Investigating the importance of formulation viscosity This joint work from Next Breath LLC and Valois SAS uses Spraytec to explore how viscosity enhancing polymers can be used to tailor the droplet size of a nasal spray. Formulation viscosity influences stability and dispersion and consequently in vivo performance. These results demonstrate how rheological information and droplet size measurement combine to support the development of an efficient formulation/device pairing.
Using laser diffraction and image analysis for BA/BE studies For locally acting nasals sprays, test protocols are based on proving equivalence with an existing product whose clinical behavior is known. In this case study Spraytec was used to measure the droplet size of the formulation. A Morphologi G3 automated image analysis system, provided particle size measurement of the active, before and after delivery. In combination these data sets provide detailed evidence for BA/BE studies in line with FDA recommendations.
Investigating tail-off performance The FDA’s CMC guidance recommends analyzing the performance of nasal spray pumps after delivery of labelled dose number, up to the point of product exhaustion.

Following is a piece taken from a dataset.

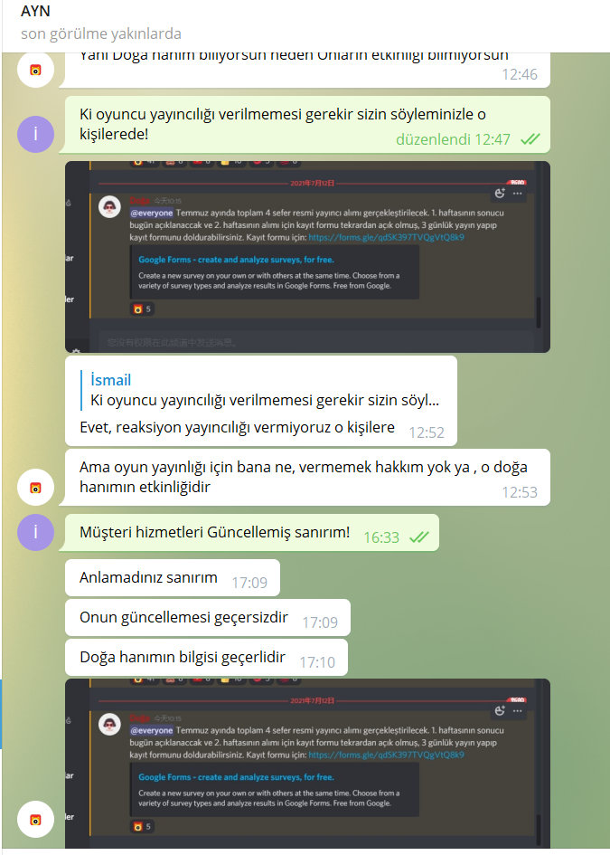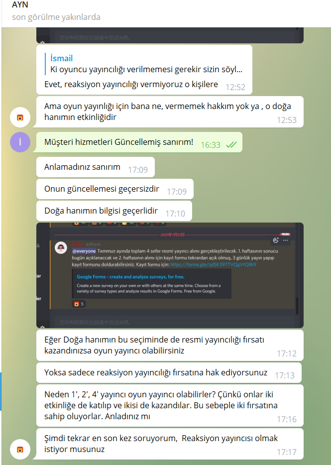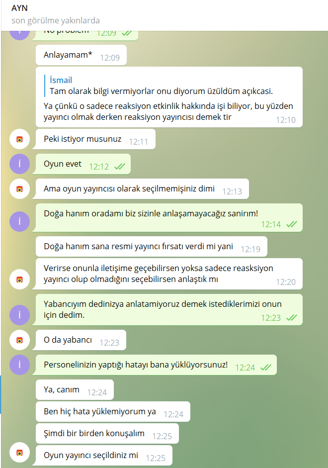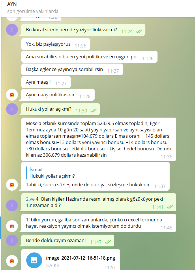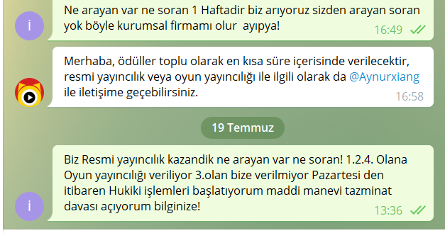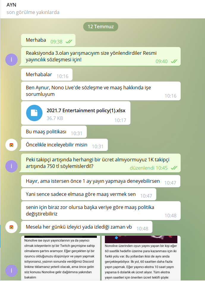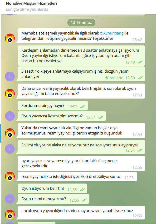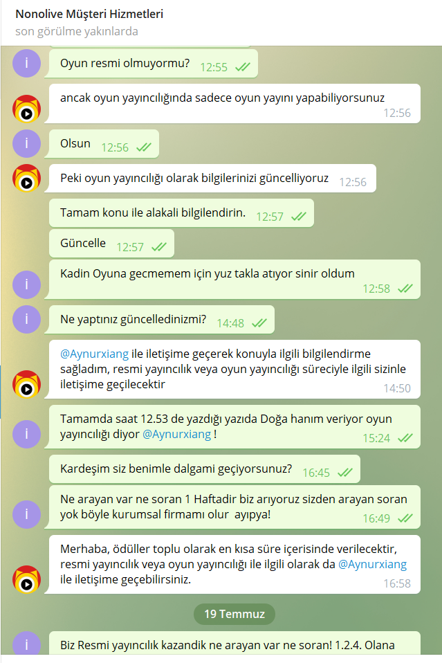 Telegram'dan Nonolive yetkilisi @Aynurxiang yapılan görüşme ve Telegram Nonolive Müşteri Hizmetleri ile yapaılan görüşme incelendiğmde birbirlerinden nekadar kopuk olduğunu görebilirsiniz.

Spraytec was used to measure the reproducibility of delivered droplet size for each actuation of a commercially available nasal spray product, through to container emptying. The results show consistent delivery well past the labelled dose number and provide detailed information as to how performance fails at the end of product life.
Investigating the impact of pump actuation parameters on spray characteristics Automated pump actuation removes the variability associated with manual pump operation during testing. In this collaborative study with Next Breath LLC and Image Therm Engineering Inc, automated actuation parameters – stroke length, hold time, velocity and acceleration - were determined to reflect profiles generated by a group of adult users. The impact of variability in these parameters was assessed through the study of spray plume, geometry and droplet size for formulations of different viscosity. The results have relevance for the setting of test conditions and the development of device/formulations for different patient groups.